You don't need to engage in every category. Focus on 2-3 that fit your learning style:

  • Lecture participation: Consistent attendance, asking and answering questions, engaging in group work
  • Discussion section: Consistent attendance and active engagement
  • Office hours: Coming to office hours to ask questions or discuss project work
  • Piazza: Asking or answering questions that help the community learn
  • Peer support: Helping classmates troubleshoot code or understand concepts outside of class, going an extra mile with peer feedback on portfolio pieces

Scoring Guidelines (per half-semester)

ScoreDescription
5 ptsStrong, consistent engagement in 2-3 categories. Your self-assessment provides specific examples that demonstrate meaningful contribution to your own learning and/or the class community.
4 ptsSolid engagement in at least 1 category, or moderate engagement across several. Examples show genuine participation but may be less frequent or less impactful.
3 ptsSome engagement but inconsistent. Attended class but rarely contributed beyond that. Limited examples to cite.
1-2 ptsMinimal engagement. Sporadic attendance or participation. Few meaningful examples.
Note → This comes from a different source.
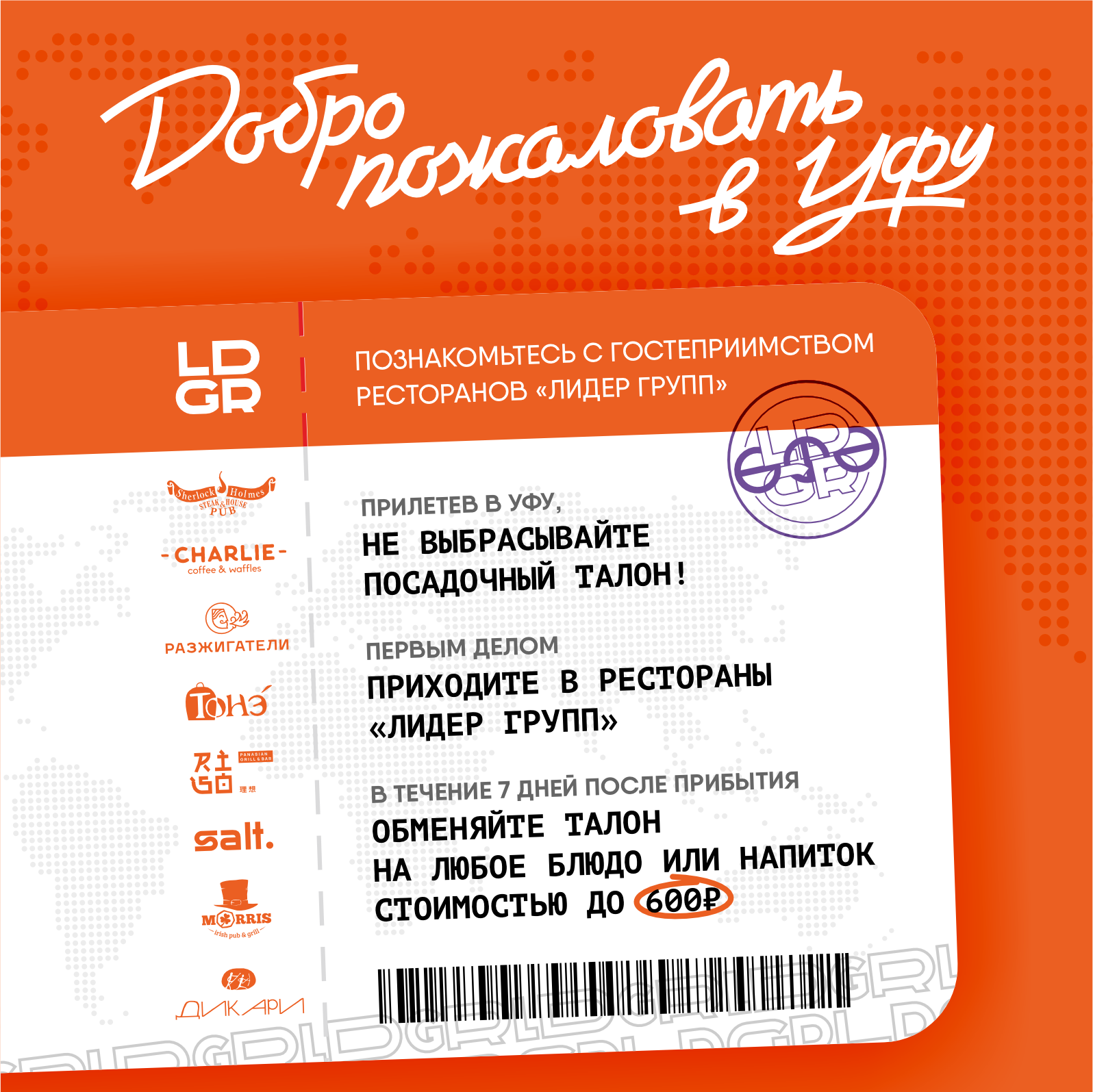 Приятнее отпуска может быть только одно – возвращение домой. Приезжая с отдыха или рабочей командировки, не забывайте о главном: в ресторанах LDGR вы можете обменять посадочный талон на любое блюдо стоимостью до 600 рублей.

Writing Your Self-Assessment

In your reflection, address:

  1. Which categories did you focus on? (You don't need to do all of them.)
  2. What specific examples demonstrate your engagement? (e.g., "I asked about X in lecture on [date]," "I helped [classmate] debug their portfolio piece," "I answered questions on Piazza about neural networks")
  3. What score do you believe you earned (out of 5) and why?
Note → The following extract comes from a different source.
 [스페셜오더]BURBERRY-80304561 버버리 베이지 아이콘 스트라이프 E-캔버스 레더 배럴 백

You can describe general patterns of engagement, but include at least 2-3 specific examples to support your case. The teaching team will confirm your assessment or follow up if we see it differently.

Example Self-Assessments

Example A (requesting 5/5):

I focused on lecture participation and peer support this half of the semester. I attended every lecture and regularly asked questions, and typically led small group work and discussions and presentations, such as when I presented for our group in lectures 4 and 6. I also helped several classmates outside of class: I spent about an hour helping Jordan debug a shape mismatch error in their CNN for Portfolio Piece 1, and I worked through the backpropagation math with Alex before the midterm. I'm requesting 5 points because I consistently engaged in two categories and contributed to both my and my classmates' learning.
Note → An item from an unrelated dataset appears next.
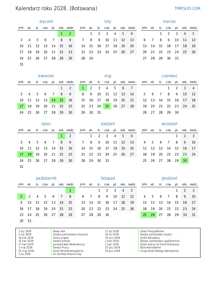 2 sty 2028 Święto państwowe (styczeń)

Example B (requesting 4/5):

My main form of participation was attending office hours. I came to office hours three times to ask questions about my portfolio piece—once about feature engineering, once about hyperparameter tuning, and once to get feedback on my analysis before submitting. I attended most lectures, and even though I didn't ask many questions in class, I participated in groupwork and feel like I was fully engaged there. I'm requesting 4 points because I have been attentive to the course in multiple ways but have been actively engaged in just one category.